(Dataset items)

··········

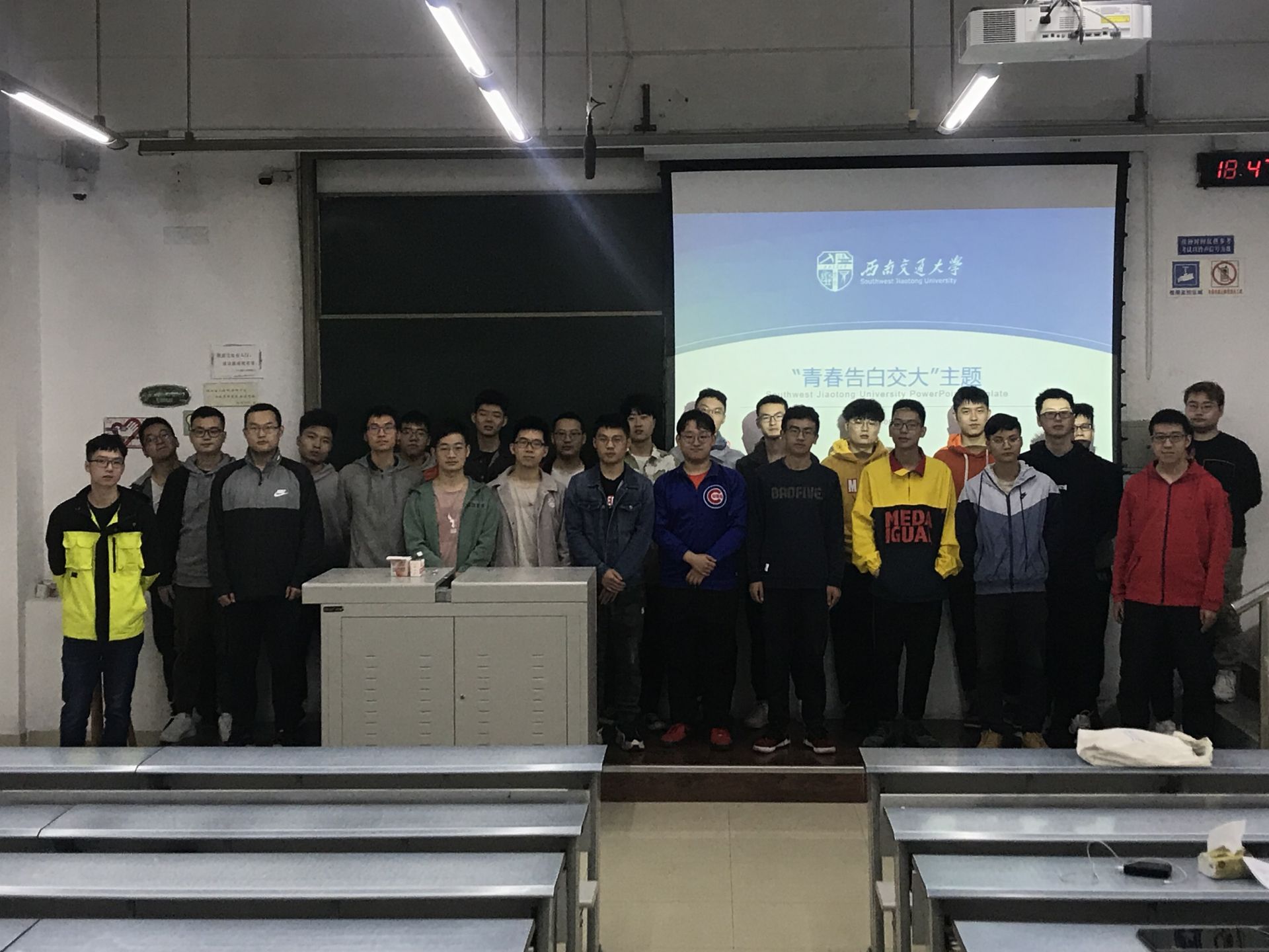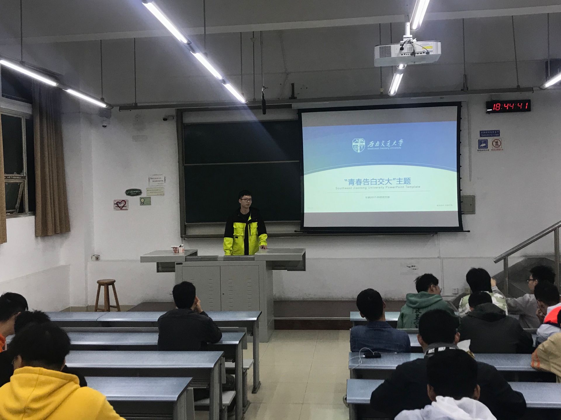 活动于晚上7点开始,参加活动人数31人,组织进行签到记录。团支部书记杨文昊首先致开场词,强调了在新中国成立71周年与建党一百周年的重要时刻的背景下,作为新时代新青年的我们要始终牢记中华民族伟大复兴的伟大使命,要理解习近平总书记在党的十九大报告中指出的“青年兴则国家兴,青年强则国家强。青年一代有理想、有本领、有担当,国家就有前途,民族就有希望。中国梦是历史的、现实的,也是未来的;是我们这一代的,更是青年一代的。中华民族伟大复兴的中国梦终将在一代代青年的接力奋斗中变成现实。”的深刻含义。在这里程碑的时刻,我们青年要不断地充实自己,而交大就是在不断地为祖国培养出色的青年人才,为新中国的交通事业作出了巨大的贡献,我们作为交大学子借此机会为交大告白。开场词后,班长同晓阳带领大家重温了交大历史,从1896年到今天,学校经过多次搬迁,成为了如今的球王会官网,学校的历史是悠久的,是伟大的,竢实扬华的交大精神没有被遗失,而是深深地刻在了每一个交大人的心中。同时,同晓阳也为我们介绍了杰出的西南交大校友与毕业学长学姐的优秀事迹,鼓励车辆5班的各位同学在毕业季到来之时,也能很好地为自己的未来做好打算,以后也能成为对社会有贡献的人。班长致辞完毕后,全班同学对交大各自进行了讨论与告白,其中孙建同学上台为大家介绍了交大在科研领域的重大成就,期望大家以后也能在机械等领域有着自己的一番作为,成为一名合格的交大人、机械人。
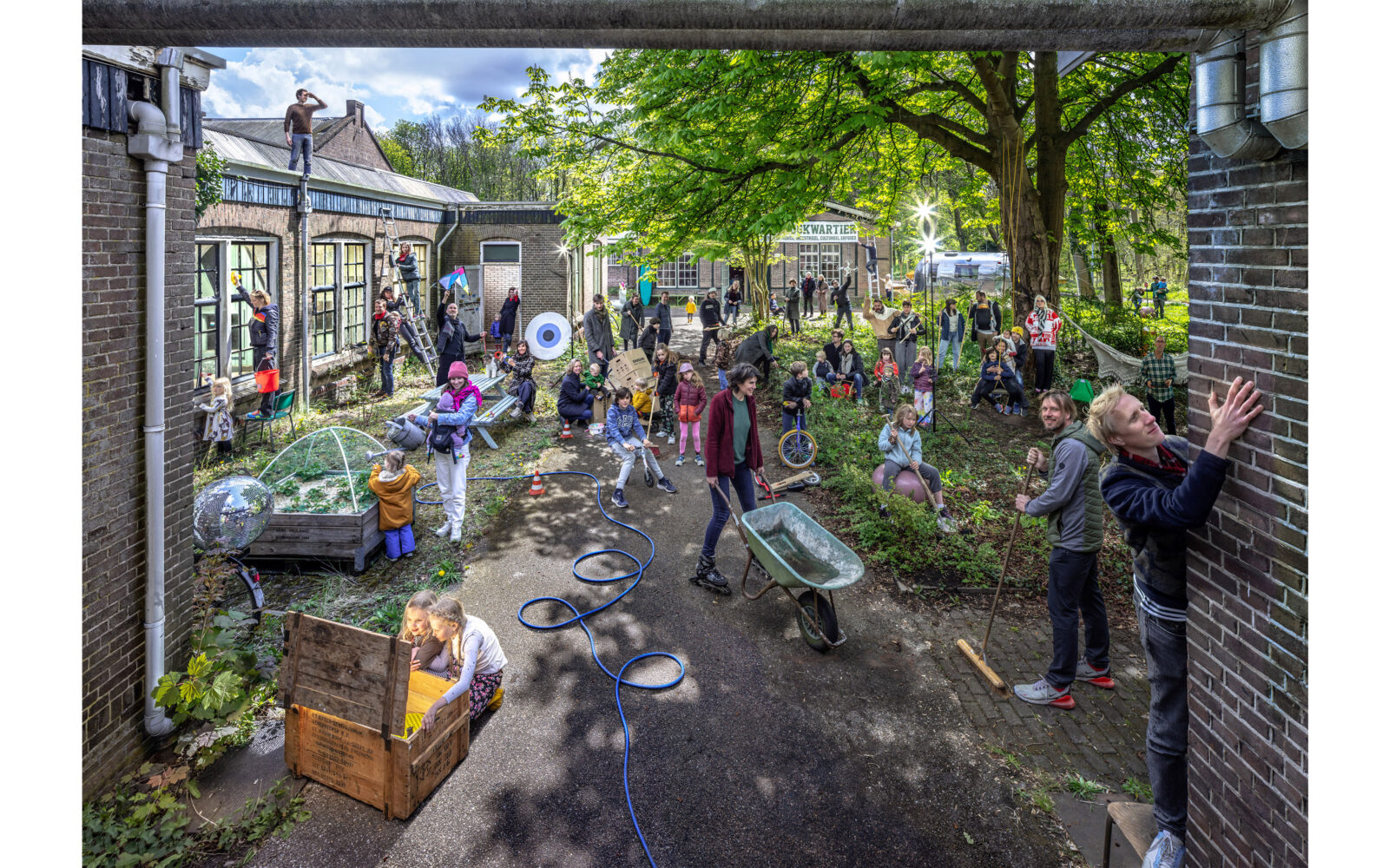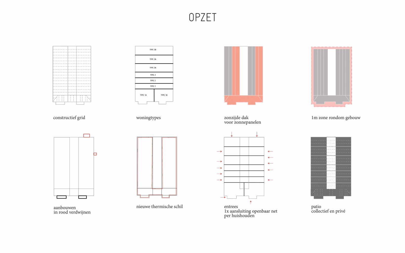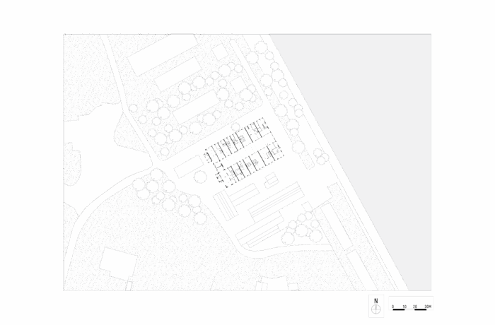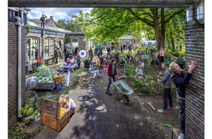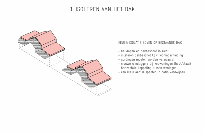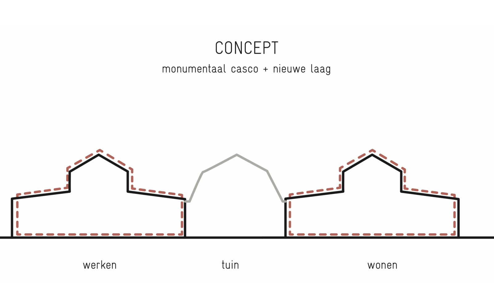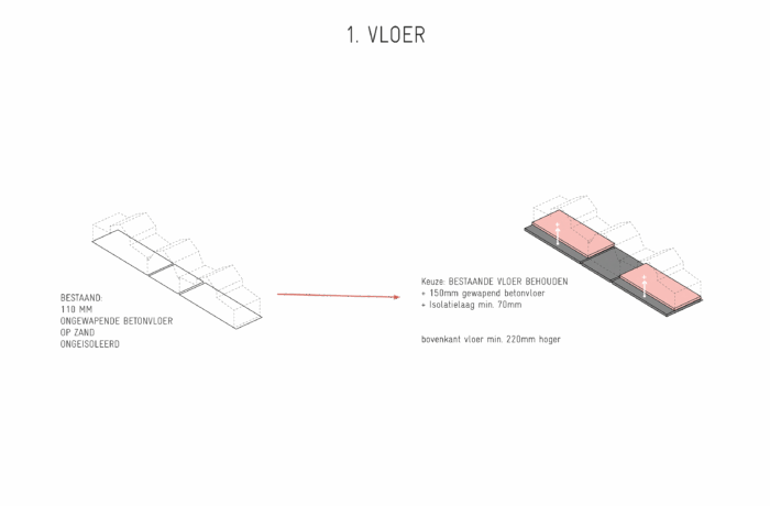 Certain elements, like the window frames, had to be replaced, but even in these cases, the replacements are designed to possess their own aesthetic, strength, and modernity. This showcases a new, distinguishable layer with its own identity, while remaining subservient to the building as a whole. Not immediately apparent from the exterior, is the fact that the building originally consisted of three separate workshops. It isn’t readily visible that behind one façade, there were several distinct spaces, which will soon be converted into eight living and working areas. The open space will feature new bio-based interior structures, with an eye for acoustics and details. The new interior walls are designed to maintain the symmetry and rhythm of the building’s openings, ensuring the original structure to remain discernible. The central hall will be transformed into an open patio, preserving the original framework. This collective central outdoor space will both separate and connect the living area in one side building with the work area on the opposite side.
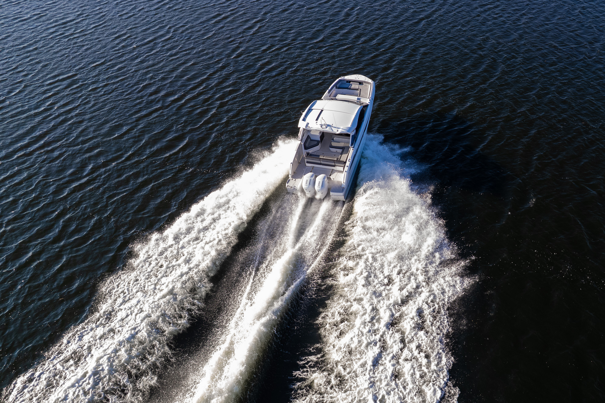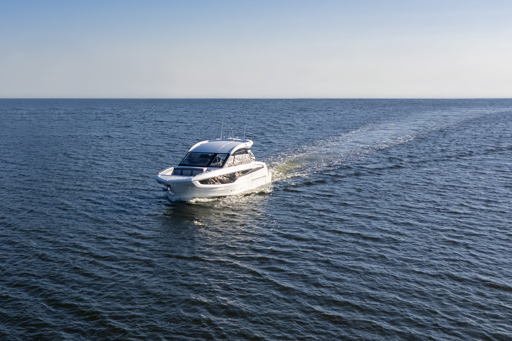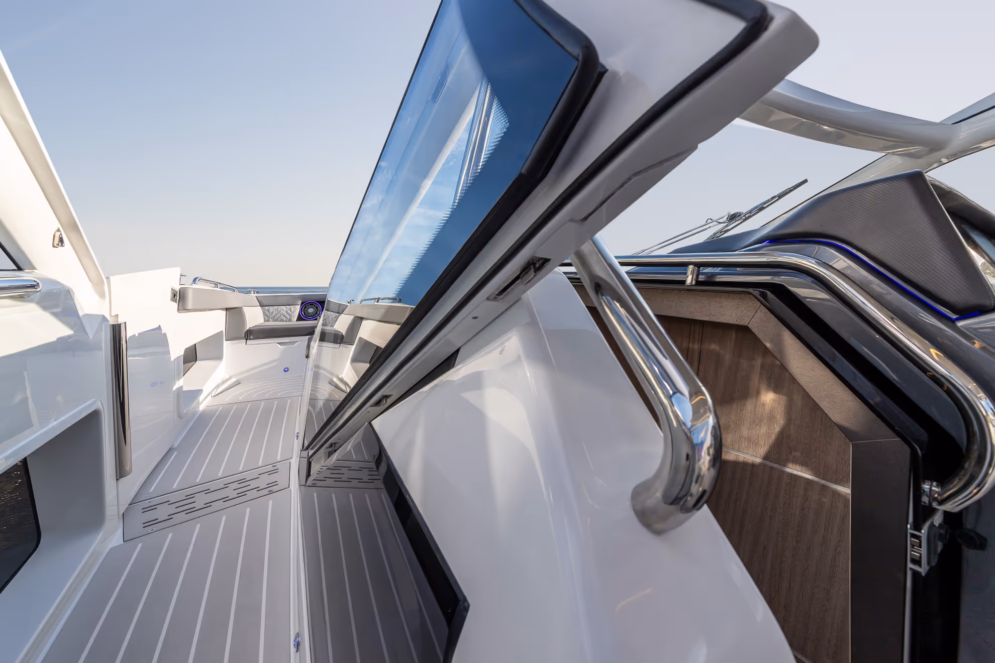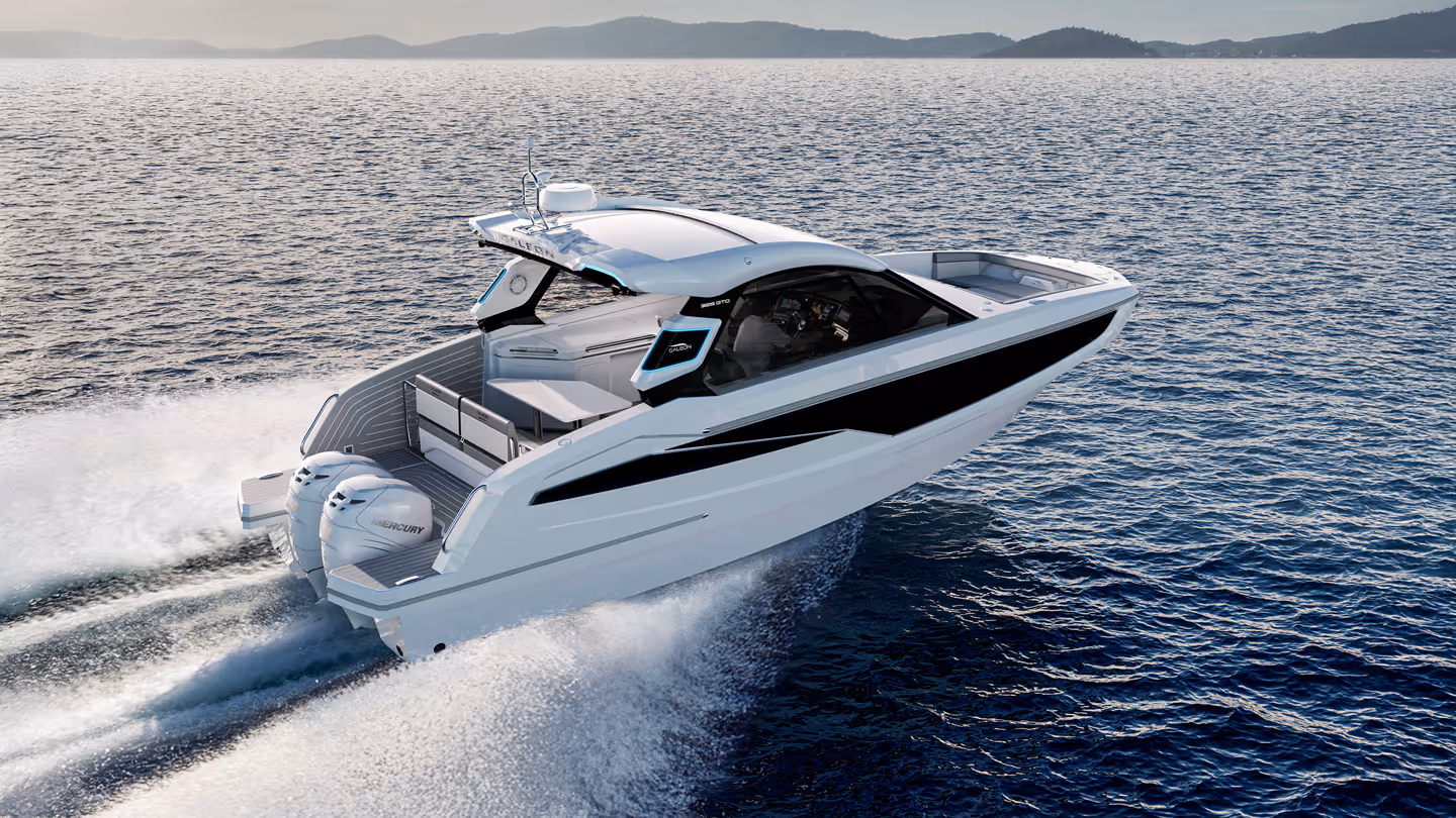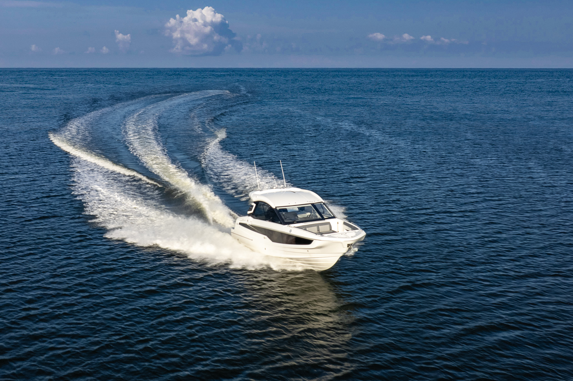 Powered by twin outboards and crowned with a lightweight carbon fiber hardtop, this sleek powerhouse delivers thrilling speed with refined elegance. The expansive bow features a fold-down balcony for effortless connection with the water, while the open-concept layout offers a central lounge with reversible seating – perfect for entertaining or relaxing in style. Enjoy a fully equipped wet galley, extendable SureShade® awning for sun protection, and a state-of-the-art helm with adjustable sport seats, intuitive joystick docking, and DPS digital anchoring. Every detail is engineered for adventure, comfort, and commanding presence on the water.
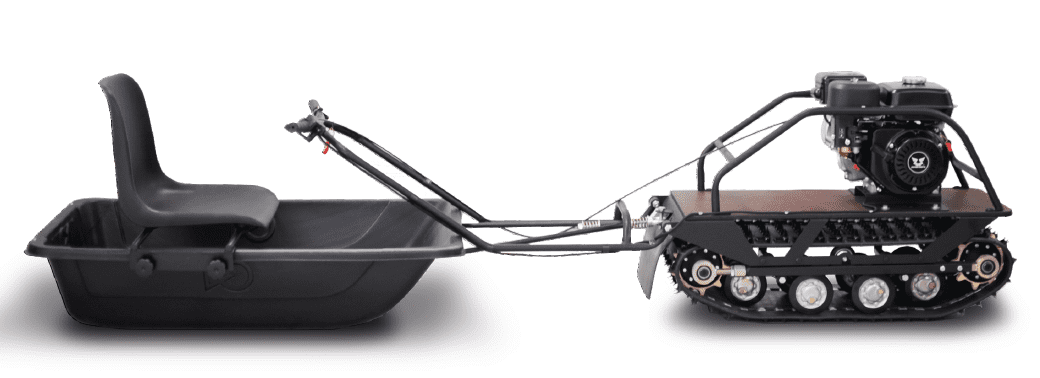 Мотособака оснащена специальной гусеницей Composit, которая обеспечивает отличное сцепление со снегом и со льдом благодаря своим техническим качествам, а также тракторным механизмом натяжения цепи.
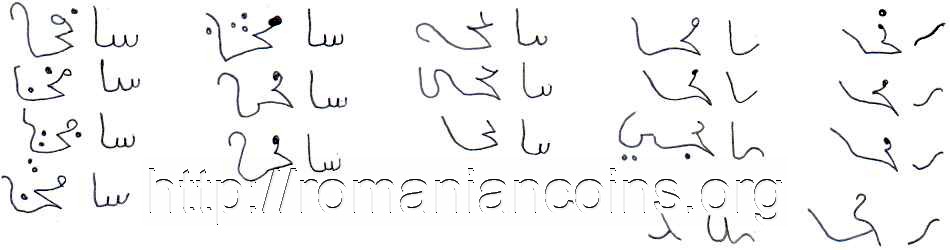 În ceea ce priveşte monedele atelierului monetar de la Isaccea, este instructiv de analizat inscriţiile de pe monedele de argint ce îi sînt atribuite. Pe site-ul ZENO.RU [8] există zeci de piese de argint bine bătute şi bine păstrate, cu imagini de asemenea de bună calitate. Pe cele cîteva tipuri de piese de argint - ce par foarte coerente ca stil şi ca aspect general - numele atelierului are o mare diversitate de forme de scriere. Litera s iniţială poate avea mai puţine bucle decît normal, sau poate să fie redusă la o liniuţă oblică sau curbă. A treia literă, presupusă a fi kaf (q), poate fi redusă la un fel de virgulă, sau poate chiar să dispară. Situaţia este complicată şi de faptul că semnele diacritice lipsesc parţial sau total, sau sînt plasate nu la locul lor, ci în spaţiul rămas disponibil pe monedă. În plus, literele trei şi patru formează o ligatură.
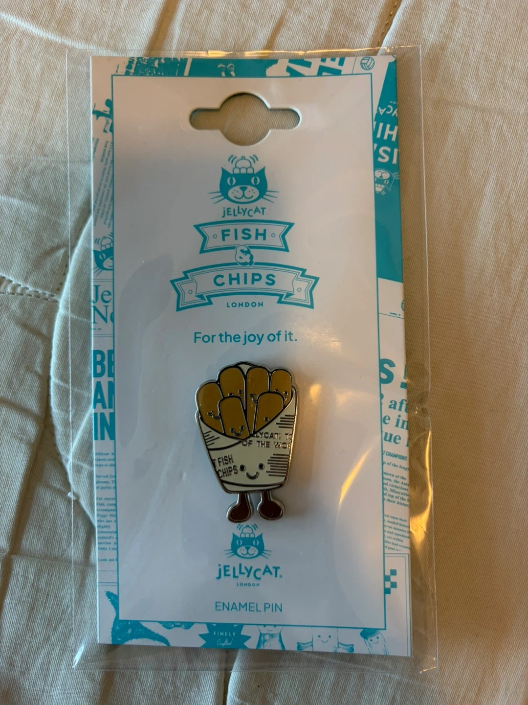 This is a Jellycat brand enamel pin featuring a cute chips design. It's from their London collection, perfect for adding a bit of fun to your gear! Finely crafted for the joy of it.
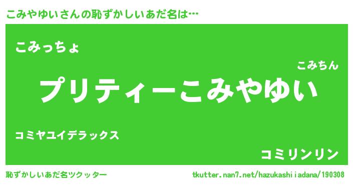 | 胡散臭い通販商品みたいなあだ名 | 『必ず成功する水晶球…その名も「こみやゆい」』 |
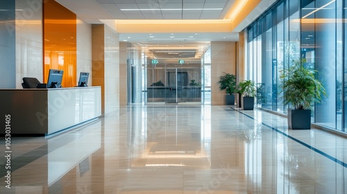 Obraz premium A multifunctional complex lobby with elegant decor, a modern reception...
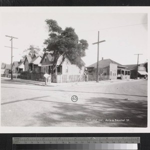View of houses with fenced-in yards and trees, as well as two boys standing at center and a business at the far right viewed from the corner of Avila Street and Bauchet Street near Old Chinatown in Los Angeles. Title transcribed from photograph. Two copies of this photograph. This copy has a "43" inside a circle stamped in the lower center of the photograph.
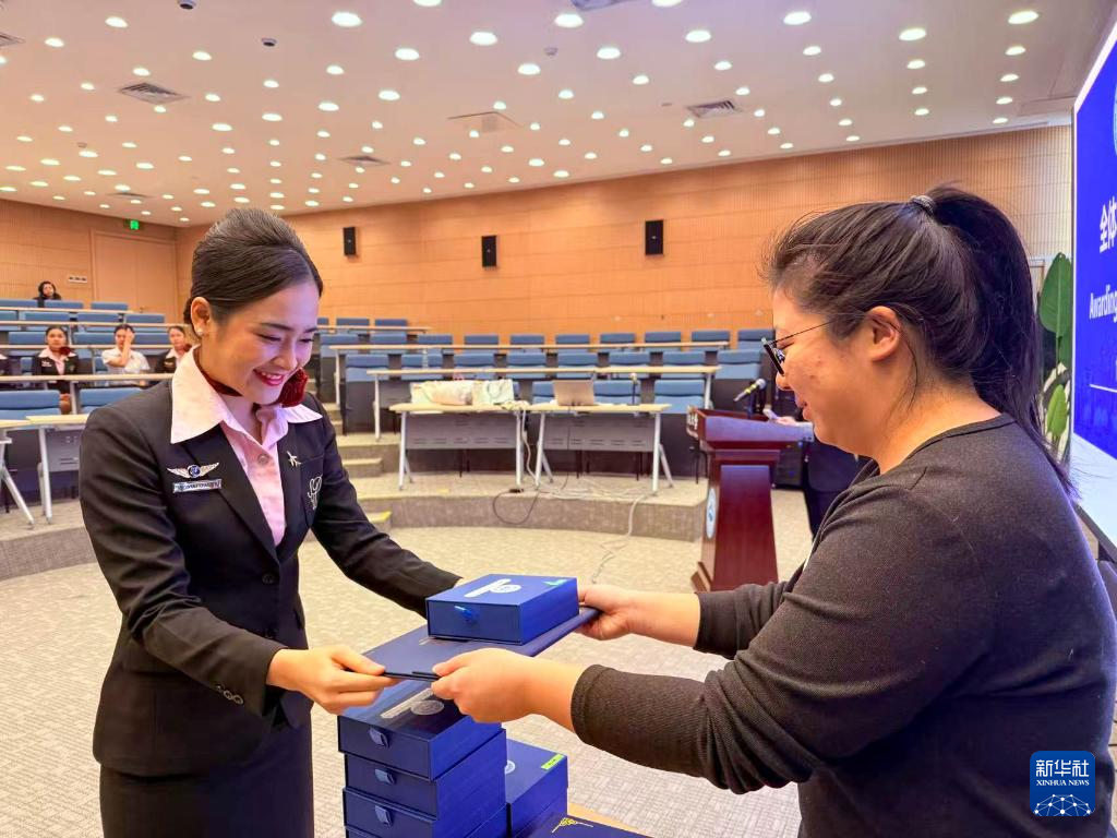 2月3日,泰国学员黄雅仪(左)在中国民航大学领取结业证书。

··········

--- Instructions to follow ---
Give again, word for word, only the lines that run from the top of the data above through the line with "Certain elements, like". Drop the pictures.

--- Worked solution ---
 活动于晚上7点开始,参加活动人数31人,组织进行签到记录。团支部书记杨文昊首先致开场词,强调了在新中国成立71周年与建党一百周年的重要时刻的背景下,作为新时代新青年的我们要始终牢记中华民族伟大复兴的伟大使命,要理解习近平总书记在党的十九大报告中指出的“青年兴则国家兴,青年强则国家强。青年一代有理想、有本领、有担当,国家就有前途,民族就有希望。中国梦是历史的、现实的,也是未来的;是我们这一代的,更是青年一代的。中华民族伟大复兴的中国梦终将在一代代青年的接力奋斗中变成现实。”的深刻含义。在这里程碑的时刻,我们青年要不断地充实自己,而交大就是在不断地为祖国培养出色的青年人才,为新中国的交通事业作出了巨大的贡献,我们作为交大学子借此机会为交大告白。开场词后,班长同晓阳带领大家重温了交大历史,从1896年到今天,学校经过多次搬迁,成为了如今的球王会官网,学校的历史是悠久的,是伟大的,竢实扬华的交大精神没有被遗失,而是深深地刻在了每一个交大人的心中。同时,同晓阳也为我们介绍了杰出的西南交大校友与毕业学长学姐的优秀事迹,鼓励车辆5班的各位同学在毕业季到来之时,也能很好地为自己的未来做好打算,以后也能成为对社会有贡献的人。班长致辞完毕后,全班同学对交大各自进行了讨论与告白,其中孙建同学上台为大家介绍了交大在科研领域的重大成就,期望大家以后也能在机械等领域有着自己的一番作为,成为一名合格的交大人、机械人。
 Certain elements, like the window frames, had to be replaced, but even in these cases, the replacements are designed to possess their own aesthetic, strength, and modernity. This showcases a new, distinguishable layer with its own identity, while remaining subservient to the building as a whole. Not immediately apparent from the exterior, is the fact that the building originally consisted of three separate workshops. It isn’t readily visible that behind one façade, there were several distinct spaces, which will soon be converted into eight living and working areas. The open space will feature new bio-based interior structures, with an eye for acoustics and details. The new interior walls are designed to maintain the symmetry and rhythm of the building’s openings, ensuring the original structure to remain discernible. The central hall will be transformed into an open patio, preserving the original framework. This collective central outdoor space will both separate and connect the living area in one side building with the work area on the opposite side.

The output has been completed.